__Assignment__
Retype, exactly and with both ends included, the lines below from the one containing "바로 베이징 자금성 오른편에" through the end; omit the pictures.

+++ Data segment

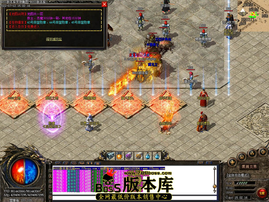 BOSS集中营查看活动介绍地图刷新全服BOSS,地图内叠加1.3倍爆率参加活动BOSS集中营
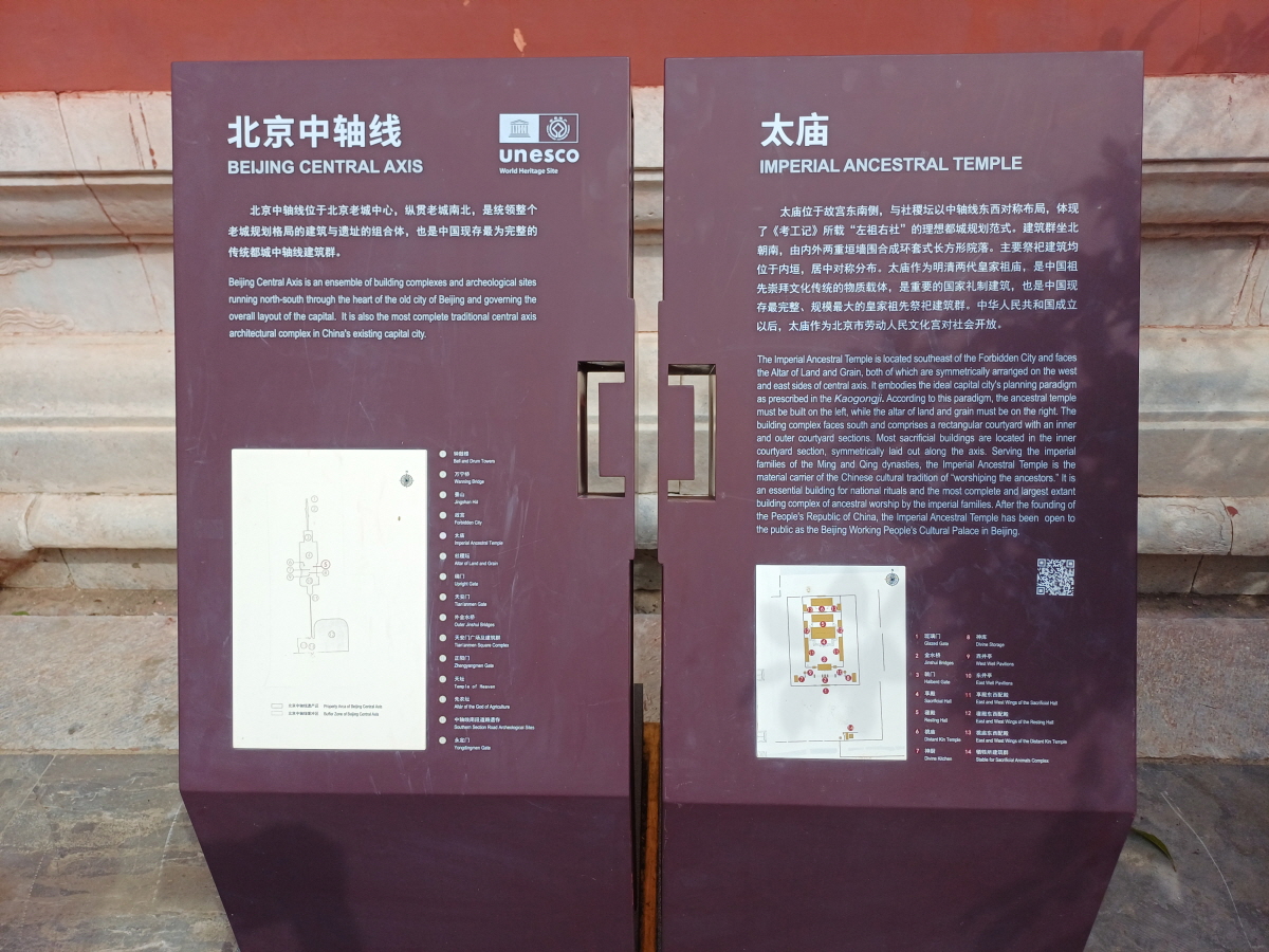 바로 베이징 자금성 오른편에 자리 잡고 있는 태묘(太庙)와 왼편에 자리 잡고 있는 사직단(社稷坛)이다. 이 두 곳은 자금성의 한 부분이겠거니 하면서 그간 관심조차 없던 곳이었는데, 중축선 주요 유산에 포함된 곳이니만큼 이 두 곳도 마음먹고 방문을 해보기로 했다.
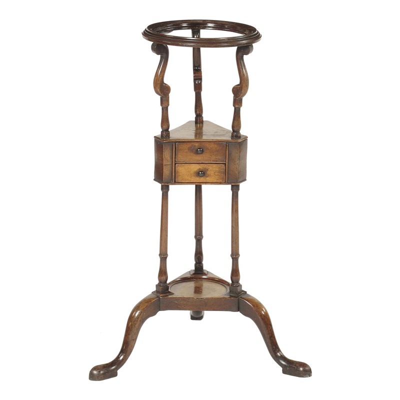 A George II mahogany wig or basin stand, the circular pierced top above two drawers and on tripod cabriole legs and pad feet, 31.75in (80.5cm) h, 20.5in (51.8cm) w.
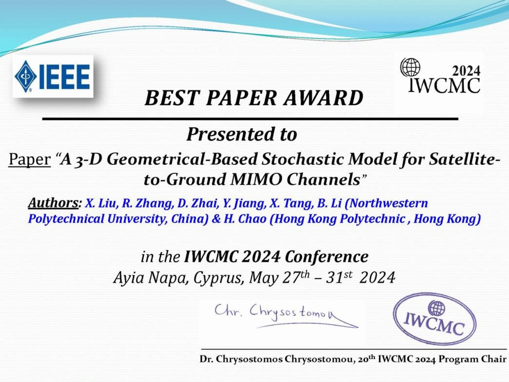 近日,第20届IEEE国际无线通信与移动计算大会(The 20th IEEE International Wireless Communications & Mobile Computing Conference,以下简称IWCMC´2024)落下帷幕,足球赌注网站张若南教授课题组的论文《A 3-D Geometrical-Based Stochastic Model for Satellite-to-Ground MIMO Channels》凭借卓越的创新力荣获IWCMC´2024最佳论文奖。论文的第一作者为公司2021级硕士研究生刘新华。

++++++

__Written solution__
 바로 베이징 자금성 오른편에 자리 잡고 있는 태묘(太庙)와 왼편에 자리 잡고 있는 사직단(社稷坛)이다. 이 두 곳은 자금성의 한 부분이겠거니 하면서 그간 관심조차 없던 곳이었는데, 중축선 주요 유산에 포함된 곳이니만큼 이 두 곳도 마음먹고 방문을 해보기로 했다.
 A George II mahogany wig or basin stand, the circular pierced top above two drawers and on tripod cabriole legs and pad feet, 31.75in (80.5cm) h, 20.5in (51.8cm) w.
 近日,第20届IEEE国际无线通信与移动计算大会(The 20th IEEE International Wireless Communications & Mobile Computing Conference,以下简称IWCMC´2024)落下帷幕,足球赌注网站张若南教授课题组的论文《A 3-D Geometrical-Based Stochastic Model for Satellite-to-Ground MIMO Channels》凭借卓越的创新力荣获IWCMC´2024最佳论文奖。论文的第一作者为公司2021级硕士研究生刘新华。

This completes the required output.